Synopsis: Peggy and the gang make a risky move to keep Whitney Frost from ending the world. Howard Stark makes a surprise return, and Thompson learns a new secret about the Arena Club.
Rating: ★★★★☆
After all the hullabaloo at the end of last week’s episode, tensions are running high. Thompson is prepared to blow up the entire Isodyne operation to cover his and Vernon’s tracks, Peggy is prepared to kill him, and Whitney is still inside, desperately looking for a way to find and absorb more Zero Matter.
Which, conveniently, she gets, after Wilkes, in the stress of his torture and subsequent escape, loses control and expels all of the Zero Matter contained within him. Whitney absorbs it in turn, and becomes Mega Super Nuts instead of just regular nuts.
The blast stops Thompson from setting off the bomb, and Peggy from shooting him, and everyone is forced to work together in order to escape, which they do, with a timely entrance by Jarvis and Howard – returned from Peru and thrust into the fray (aside: why did Howard not have even a single line in concern for Anna? He spoke of her before we even saw her, and he spent the entire episode alongside Jarvis, and he never said a word about it? Rude. )
Back at the SSR, everyone’s running amok trying to come up with way to stop Whitney, who’s crazy has spun out into obsessive reclusion, and Manfredi has shown his face to ask for help. He wants the real Whitney back, and is willing to help them get the Zero Matter out of her, especially given that she wants to open a new rift to find more, and it could potentially end the world. You know, just regular Tuesday stuff.

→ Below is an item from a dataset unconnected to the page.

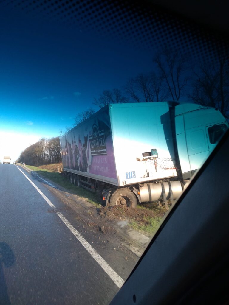 На автомобільній дорозі Львів – Золочів вантажний автомобіль злетів у кювет.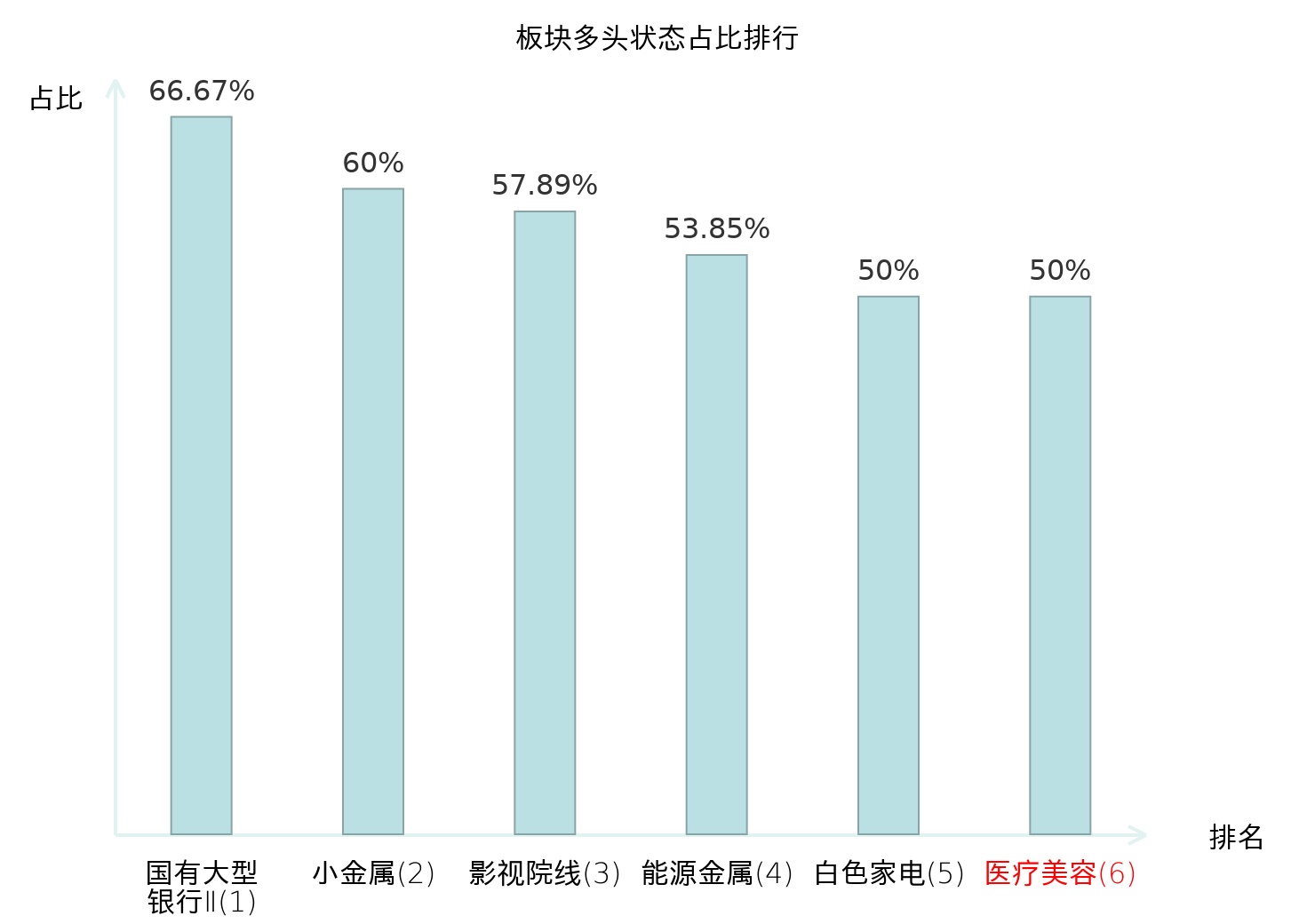 全市场所有行业板块中主力多头状态占比排名中,国有大型银行Ⅱ板块位居第一。装修装饰Ⅱ板块名次提升最快,较昨日上升48位。

While they look for a way to draw her out and remove the Zero Matter from her, Thompson shows back up, tail between his legs, waving an olive branch and offering his help, which Peggy accepts after only mild ribbing.
They manage to invent a device that will open a rift, and draw Whitney to it, and another device to force the Zero Matter out of her and back where it came from. It works, and a crazed, devastated Whitney is arrested, but the device fails to close the rift again as planned. So, as it is with such things, someone will have to manually turn it off and almost certainly be sucked into the black vortex and to Certain Death. While everyone else is tripping over each other to volunteer (“big damn heroes, sir.”), Daniel actually gets sh*t done, and enters the danger zone to turn the damn thing off himself.
His tether slips though, as they do, and everyone else makes a hilariously useless Looney Tunes-style human chain trying to keep him from being absorbed into another dimension.
All’s well that ends well though, and thanks to Jarvis’ quick-thinking and Howard’s flying car (you know, the one from Captain America?), they manage to fly the device into the rift and make it eat itself. And the car. It was pretty awesome.
Whitney is, notably, left in a mental institution where she keeps trying to claw her own face off and replicate the Zero Matter scar she no longer has. Her obsession has shifted and her powers are gone, but Manfredi’s plan backfired, and she’s as crazy as ever. He looks in on her sadly, while she hallucinates a happy life with Chadwick – the husband she killed. I expect we have not seen the last of her, especially given a conspicuous shot of the masks in her dressing room.
While everyone is preparing to leave, Thompson reveals to Peggy that the Arena Club pins transform into mysterious keys when opened. Before they can do anything with this information though, he is shot in his hotel room by a faceless intruder, come for said key.
Hello, next season.
On the whole, this finale and this season have been solid. Much better than last season in fact. I loved the flying car, I loved seeing some more Howard stark, I loved the increased diversity. I missed Angie, I could always use more Dottie, and I was sad that Wilkes (uncharacteristically and unexpectedly) told Peggy they probably just weren’t meant to be. It seems as though a great character is just going to be left to fade away. Something Agent Carter in fact has a habit of doing (See: Violet, Angie, The Howling Commandos). I suppose it’s better than killing them.
ON AN UPNOTE THOUGH, Peggy and Daniel finally get it on! He jokingly berates her for being so willing to die and refusing to let anyone else make the same sacrifices, and when he asks why she has no snappy retort, she just jumps his bones.